Records from a collection:
----

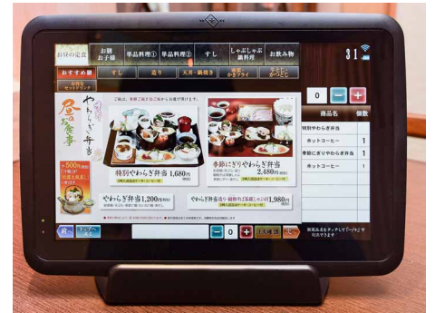
各テーブルに設置したタブレット端末を既存のシャープPOSシステムと連携
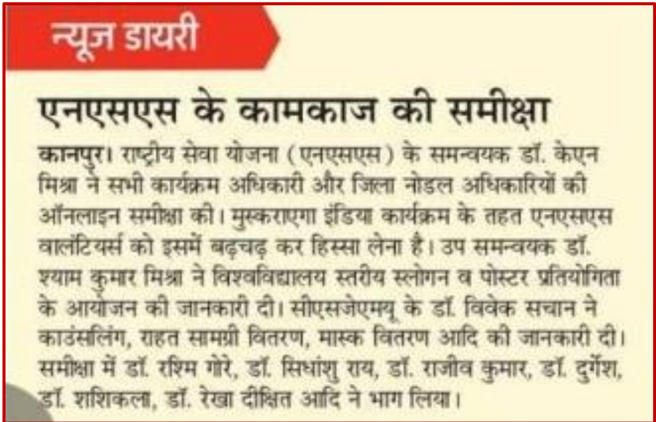
Figure 21 Fight against Corona by NSS-3 Unit

Kanpur is actively participating in the fight against Corona.
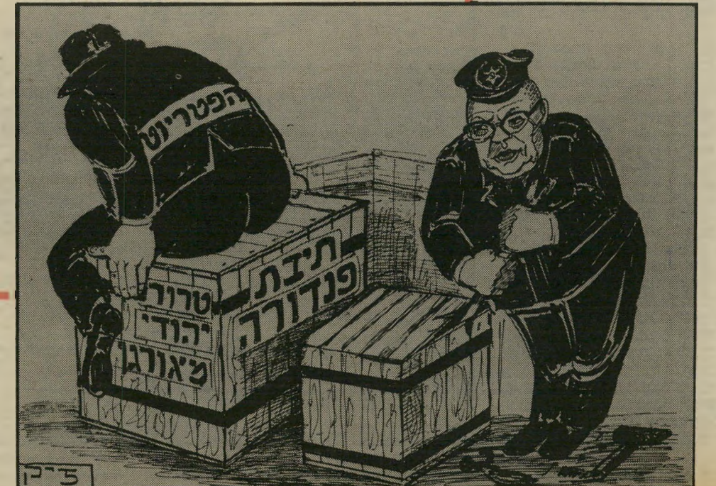
מה עם השניה?

רמון (33), יונה בהשקפותיו הפוליטיות, הוא חבר בוועדת-הכספים. ח"כים רבים בסיעתההמערך סיפרו השבוע להעולם הזה שהוא מצטיין בהתמדה ובחריפות, ושעמדותיו בנושאים שונים נובעות מהשקפת עולם סוציאלי-דמוקרטית ברורה וחדה. מי שמכיר את אנשי המערך, ובעיקר את הח"כים ממיפלגת-העבודה, יבין שמדובר כאן ביוצא מהכלל. המעיד על הכלל. רק 10 מקרב 50 חבריההסיעה היו נחשבים כ-סוציאלי-דמוקרטים
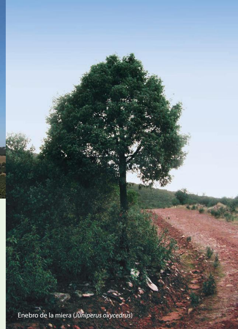
Enebro de la miera ( Juniperus oxycedrus )

A pesar de los picos y los mazos de los grandes señores castellanos que cumplieron la sentencia, aún se conservan importantes restos de esta fortaleza, como la torre del Homenaje, un espacioso aljibe, y abundantes despojos de la residencia de los señores y sirvientes.
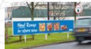
Posters nel parcheggio
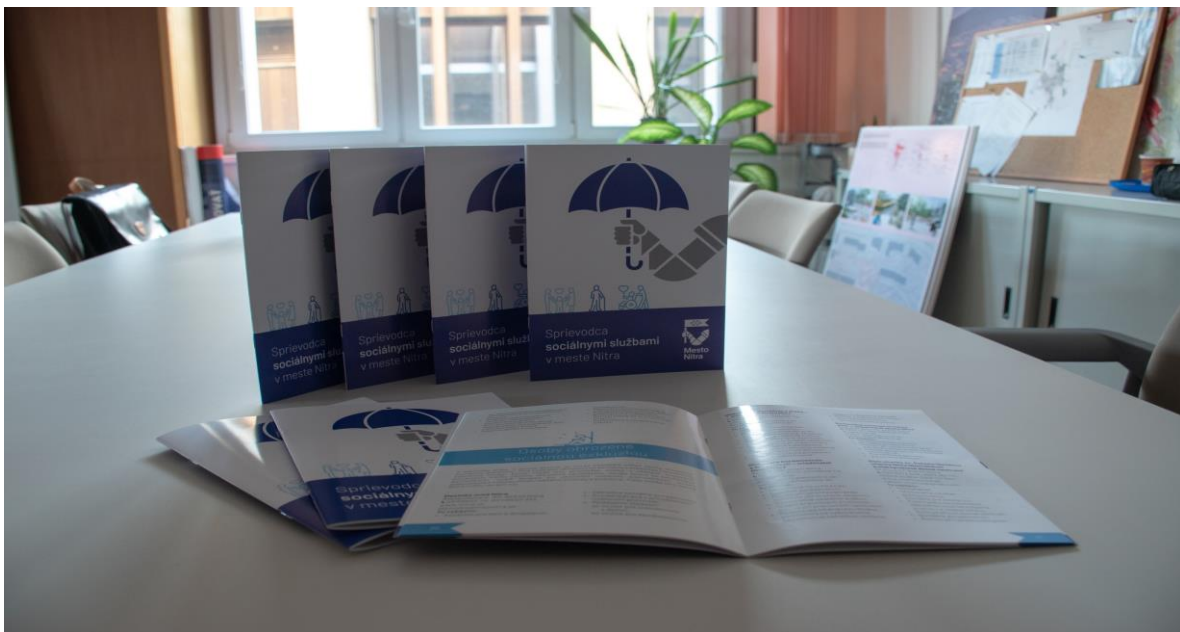
Nový sprievodca sociálnymi službami v meste Nitra, november 2022
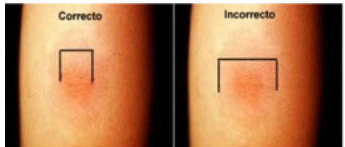
/ Lectura da intradermorreacción
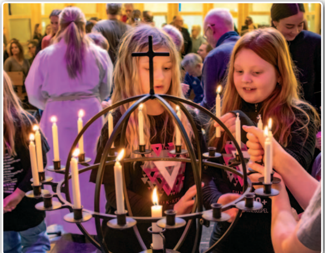
Fra jubelhelgas familiegudstjeneste i mars.
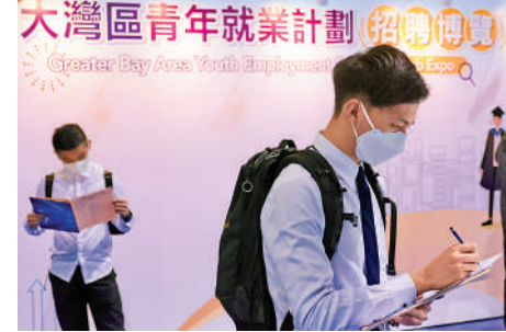
在香港的大灣區青年就業招聘會上，港青正在填寫申請表。

表示，一方面，各市「十四五」規劃有利於找到政府的關注重點及直接需求。從不同城市「十四五」規劃看，高端專業服務業是大灣區內地九市的發展重點，各市既重視本地專業服務的提升，也強調與香港合作、吸引香港專業服務
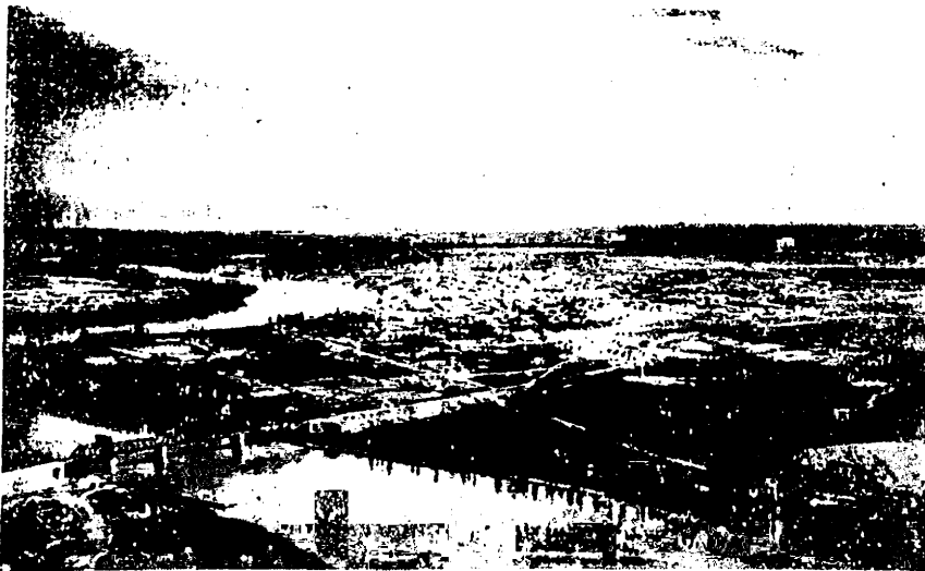
For. 5 - Vista aérea de Viedma (izq.) y Carmen de Patagones (der.) sobre ambas márgenes del río Negro, con sus meandros en el curso inferior.

concluido, aun no se ha habilitado. Proporcionará riego a unas 3.500 hectáreas y se considera la parte de más difícil realización de toda la obra prevista, por los grandes movimientos de tierra que

----

About this task — Of the entries above, print exactly those lines that run from the one containing "מה עם השניה?" through the last line, excluding any pictures.

Exercise output —
מה עם השניה?

רמון (33), יונה בהשקפותיו הפוליטיות, הוא חבר בוועדת-הכספים. ח"כים רבים בסיעתההמערך סיפרו השבוע להעולם הזה שהוא מצטיין בהתמדה ובחריפות, ושעמדותיו בנושאים שונים נובעות מהשקפת עולם סוציאלי-דמוקרטית ברורה וחדה. מי שמכיר את אנשי המערך, ובעיקר את הח"כים ממיפלגת-העבודה, יבין שמדובר כאן ביוצא מהכלל. המעיד על הכלל. רק 10 מקרב 50 חבריההסיעה היו נחשבים כ-סוציאלי-דמוקרטים
Enebro de la miera ( Juniperus oxycedrus )

A pesar de los picos y los mazos de los grandes señores castellanos que cumplieron la sentencia, aún se conservan importantes restos de esta fortaleza, como la torre del Homenaje, un espacioso aljibe, y abundantes despojos de la residencia de los señores y sirvientes.
Posters nel parcheggio
Nový sprievodca sociálnymi službami v meste Nitra, november 2022
/ Lectura da intradermorreacción
Fra jubelhelgas familiegudstjeneste i mars.
在香港的大灣區青年就業招聘會上，港青正在填寫申請表。

表示，一方面，各市「十四五」規劃有利於找到政府的關注重點及直接需求。從不同城市「十四五」規劃看，高端專業服務業是大灣區內地九市的發展重點，各市既重視本地專業服務的提升，也強調與香港合作、吸引香港專業服務
For. 5 - Vista aérea de Viedma (izq.) y Carmen de Patagones (der.) sobre ambas márgenes del río Negro, con sus meandros en el curso inferior.

concluido, aun no se ha habilitado. Proporcionará riego a unas 3.500 hectáreas y se considera la parte de más difícil realización de toda la obra prevista, por los grandes movimientos de tierra que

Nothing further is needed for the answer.